* _DATA UNDER STUDY_
<<<<

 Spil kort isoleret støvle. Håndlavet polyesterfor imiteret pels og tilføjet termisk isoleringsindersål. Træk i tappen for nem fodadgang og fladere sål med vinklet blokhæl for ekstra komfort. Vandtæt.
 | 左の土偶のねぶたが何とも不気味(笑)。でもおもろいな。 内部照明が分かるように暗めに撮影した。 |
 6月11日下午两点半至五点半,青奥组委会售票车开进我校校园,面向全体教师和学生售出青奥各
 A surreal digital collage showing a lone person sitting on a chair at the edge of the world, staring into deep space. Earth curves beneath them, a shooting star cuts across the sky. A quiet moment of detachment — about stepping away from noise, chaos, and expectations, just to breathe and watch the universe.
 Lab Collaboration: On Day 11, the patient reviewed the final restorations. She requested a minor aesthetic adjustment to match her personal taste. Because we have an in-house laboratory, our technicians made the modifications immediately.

>>>>
<<<<

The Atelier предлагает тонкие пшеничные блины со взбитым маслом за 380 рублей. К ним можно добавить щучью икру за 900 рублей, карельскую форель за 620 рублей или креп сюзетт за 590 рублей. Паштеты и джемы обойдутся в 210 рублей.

>>>>

* _WORK INSTRUCTION_
Please return the lines above that run from the line containing "Spil kort isoleret" to the line containing "6月11日下午两点半至五点半", inclusive, exactly and with no other lines.

* _RESULT BELOW_
 Spil kort isoleret støvle. Håndlavet polyesterfor imiteret pels og tilføjet termisk isoleringsindersål. Træk i tappen for nem fodadgang og fladere sål med vinklet blokhæl for ekstra komfort. Vandtæt.
 | 左の土偶のねぶたが何とも不気味(笑)。でもおもろいな。 内部照明が分かるように暗めに撮影した。 |
 6月11日下午两点半至五点半,青奥组委会售票车开进我校校园,面向全体教师和学生售出青奥各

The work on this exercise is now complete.